PROVIDED MATERIAL:
----------------------------------------

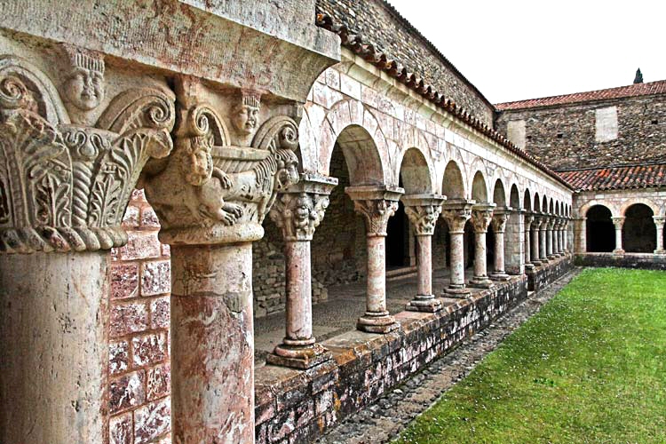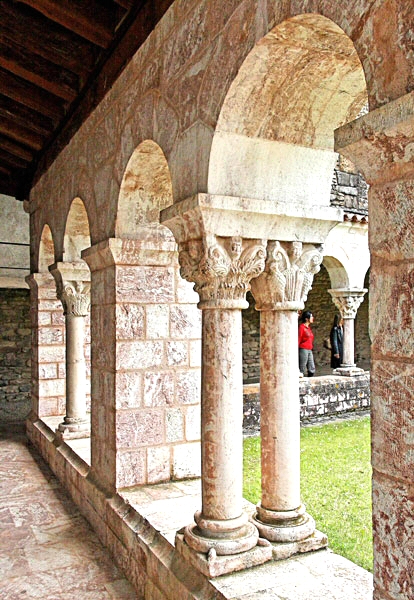 La partie sud-est visible ici et la partie méridionale visible sur la photo de dessous appartiennent à un premier style (cf. M. Durliat). Les chapiteaux font 44 cm de coté, ils sont surmontés de tailloirs carrés sans sculpture. Un dé porte une tête humaine ou animale. L'iconographie est essentiellement animale ou végétale, sans chapiteau historié. Le monde oriental a fortement marqué de son influence les représentations au Moyen Âge. C'est également dans l'Antiquité et dans la Bible que les sculpteurs ont puisé leurs inspirations. Les fabulistes notamment ont toujours inspiré les auteurs médiévaux qui font aussi référence à des ouvrages comme le Physiologus, d'un auteur alexandrin du IIème siècle de notre ère, qui décrit une quarantaine d'animaux réels ou fabuleux dans le but d'en tirer un sens symbolique et spirituel. Faut-il y voir aussi une influence de la 1ère croisade (prise de Jérusalem en 1099)? Cependant la question de l'origine de ce premier atelier et de la formation de ses sculpteurs n'ont pas été résolues ( cf. G. Mallet). |
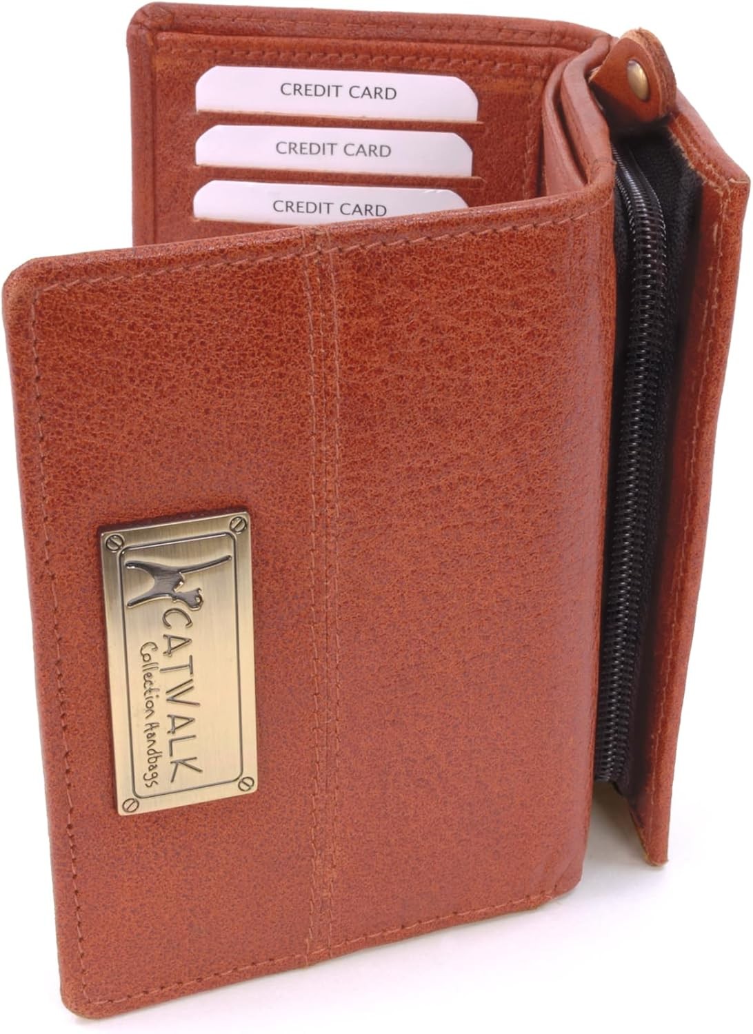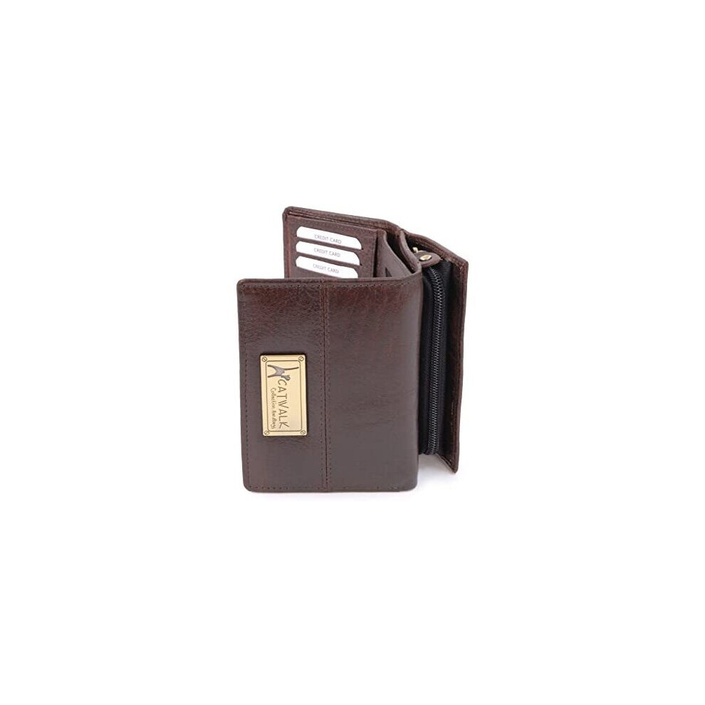 Catwalk Collection Handbags - Ladies Medium Leather Purse - Women's Trifold Wallet with 8 Card Slots & Zip Coin Pocket - RFID - Victoria - Brown
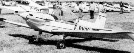 M. Albert Gatard’s Poussin (chick) has excellent aerobatic qualities with 20 seconds of inverted flying possible. Several are under construction around the world, including one in Zaire. The control system uses a unique, variable-incidence lifting tailplane of large area. The pilot lowers full-span slotted aileron/flaps and adjusts the tailplane to maintain pitching equilibrium. Aircraft is single-seat wooden low-winger, fixed gear.
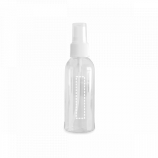 Kulturbeutel aus transparentem PVC mit 3 Flaschen (2 x 65 mL und 1 x 60 mL), 1 Sprühflasche (80 mL) und 1 Trichter. Geeignet für das Handgepäck. 190 x 155 x 40 mm
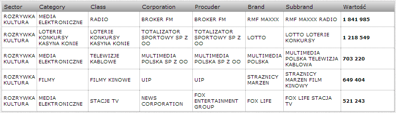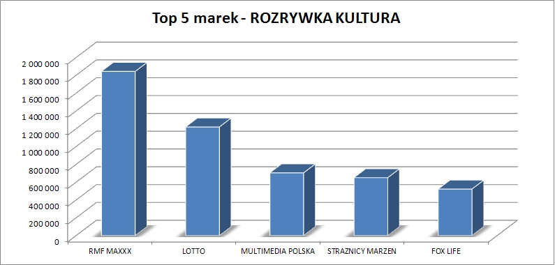 Na piątym miejscu znalazła się Rozrywka Kultura z szacowaną wartością 6,8 mln zł. RMF MAXXX z wartością 1,8 mln zł był marką o największym udziale dla tej kategorii, na kolejnych miejscach znalazły się: LOTTO, MULTIMEDIA POLSKA, STRAZNICY MARZEN oraz FOX LIFE.
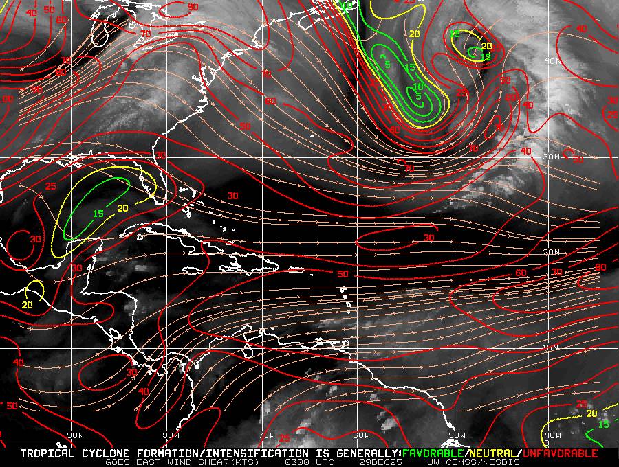 Il n’y a pas de cyclone ni de système surveillé par le NHC en Atlantique. Nous ne sommes pas actuellement en période cyclonique
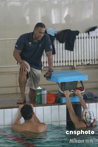 7月24日,参加北京奥运会的哥伦比亚游泳运动员在教练的指导下进行热身训练。据悉,哥伦比亚共有5名游泳运动员和3名跳水运动员取得北京奥运会参赛资格。这些运动员将陆续从美国、加拿大赶赴天津,进行为期10天的集训。 中新社发 郭晓帆 摄
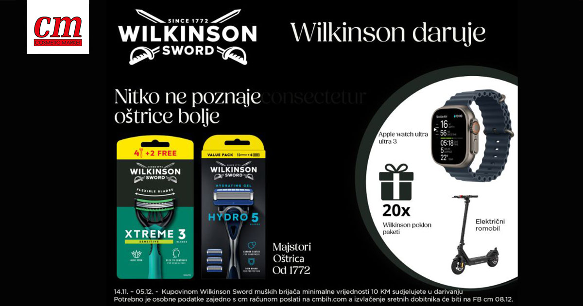 Kupovinom Wilkinson Sword muških brijača minimalne vrijednosti 10 KM sudjelujete u darivanju u kojem možete osvojiti:
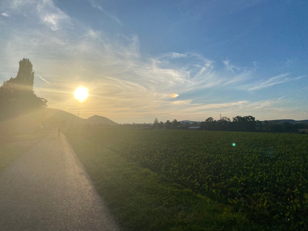Then it’s right out of the cornfield and along quite a long stretch of paved road past – surprise! – more cornfields and sunflower fields. Eventually, finally, you turn left onto some loose gravel again, which curved slightly up before turning into a generous downhill that deposits you on the paved road you started on, turning left at the bottom and immediately seeing just a short while away the starting line and the soccer fields. It’s lap one, your legs feel strong, your lungs full of powerful oxygen, your skin a little sun-kissed. 10-15 minutes of rest await you, and then it’s back to the start!
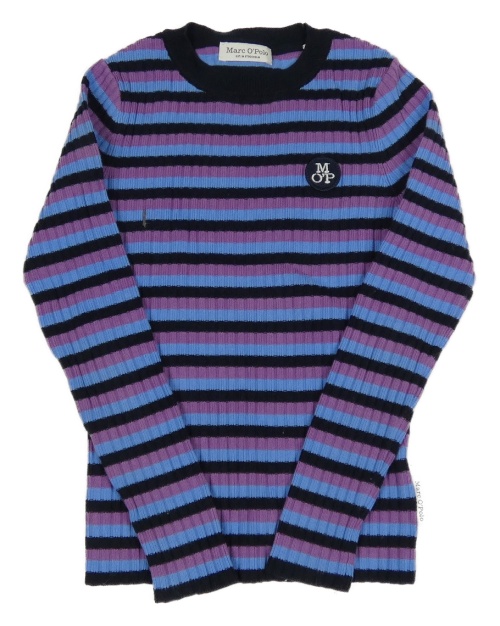 Fialovo-modro-tmavomodrý pruhovaný žebrovaný svetr

----------------------------------------

INSTRUCTIONS TO FOLLOW:
Without the pictures, retype each line of the records above exactly.

SOLUTION TO THE PROBLEM:
 La partie sud-est visible ici et la partie méridionale visible sur la photo de dessous appartiennent à un premier style (cf. M. Durliat). Les chapiteaux font 44 cm de coté, ils sont surmontés de tailloirs carrés sans sculpture. Un dé porte une tête humaine ou animale. L'iconographie est essentiellement animale ou végétale, sans chapiteau historié. Le monde oriental a fortement marqué de son influence les représentations au Moyen Âge. C'est également dans l'Antiquité et dans la Bible que les sculpteurs ont puisé leurs inspirations. Les fabulistes notamment ont toujours inspiré les auteurs médiévaux qui font aussi référence à des ouvrages comme le Physiologus, d'un auteur alexandrin du IIème siècle de notre ère, qui décrit une quarantaine d'animaux réels ou fabuleux dans le but d'en tirer un sens symbolique et spirituel. Faut-il y voir aussi une influence de la 1ère croisade (prise de Jérusalem en 1099)? Cependant la question de l'origine de ce premier atelier et de la formation de ses sculpteurs n'ont pas été résolues ( cf. G. Mallet). |
 Catwalk Collection Handbags - Ladies Medium Leather Purse - Women's Trifold Wallet with 8 Card Slots & Zip Coin Pocket - RFID - Victoria - Brown
 M. Albert Gatard’s Poussin (chick) has excellent aerobatic qualities with 20 seconds of inverted flying possible. Several are under construction around the world, including one in Zaire. The control system uses a unique, variable-incidence lifting tailplane of large area. The pilot lowers full-span slotted aileron/flaps and adjusts the tailplane to maintain pitching equilibrium. Aircraft is single-seat wooden low-winger, fixed gear.
 Kulturbeutel aus transparentem PVC mit 3 Flaschen (2 x 65 mL und 1 x 60 mL), 1 Sprühflasche (80 mL) und 1 Trichter. Geeignet für das Handgepäck. 190 x 155 x 40 mm
 Na piątym miejscu znalazła się Rozrywka Kultura z szacowaną wartością 6,8 mln zł. RMF MAXXX z wartością 1,8 mln zł był marką o największym udziale dla tej kategorii, na kolejnych miejscach znalazły się: LOTTO, MULTIMEDIA POLSKA, STRAZNICY MARZEN oraz FOX LIFE.
 Il n’y a pas de cyclone ni de système surveillé par le NHC en Atlantique. Nous ne sommes pas actuellement en période cyclonique
 7月24日,参加北京奥运会的哥伦比亚游泳运动员在教练的指导下进行热身训练。据悉,哥伦比亚共有5名游泳运动员和3名跳水运动员取得北京奥运会参赛资格。这些运动员将陆续从美国、加拿大赶赴天津,进行为期10天的集训。 中新社发 郭晓帆 摄
 Kupovinom Wilkinson Sword muških brijača minimalne vrijednosti 10 KM sudjelujete u darivanju u kojem možete osvojiti:
Then it’s right out of the cornfield and along quite a long stretch of paved road past – surprise! – more cornfields and sunflower fields. Eventually, finally, you turn left onto some loose gravel again, which curved slightly up before turning into a generous downhill that deposits you on the paved road you started on, turning left at the bottom and immediately seeing just a short while away the starting line and the soccer fields. It’s lap one, your legs feel strong, your lungs full of powerful oxygen, your skin a little sun-kissed. 10-15 minutes of rest await you, and then it’s back to the start!
 Fialovo-modro-tmavomodrý pruhovaný žebrovaný svetr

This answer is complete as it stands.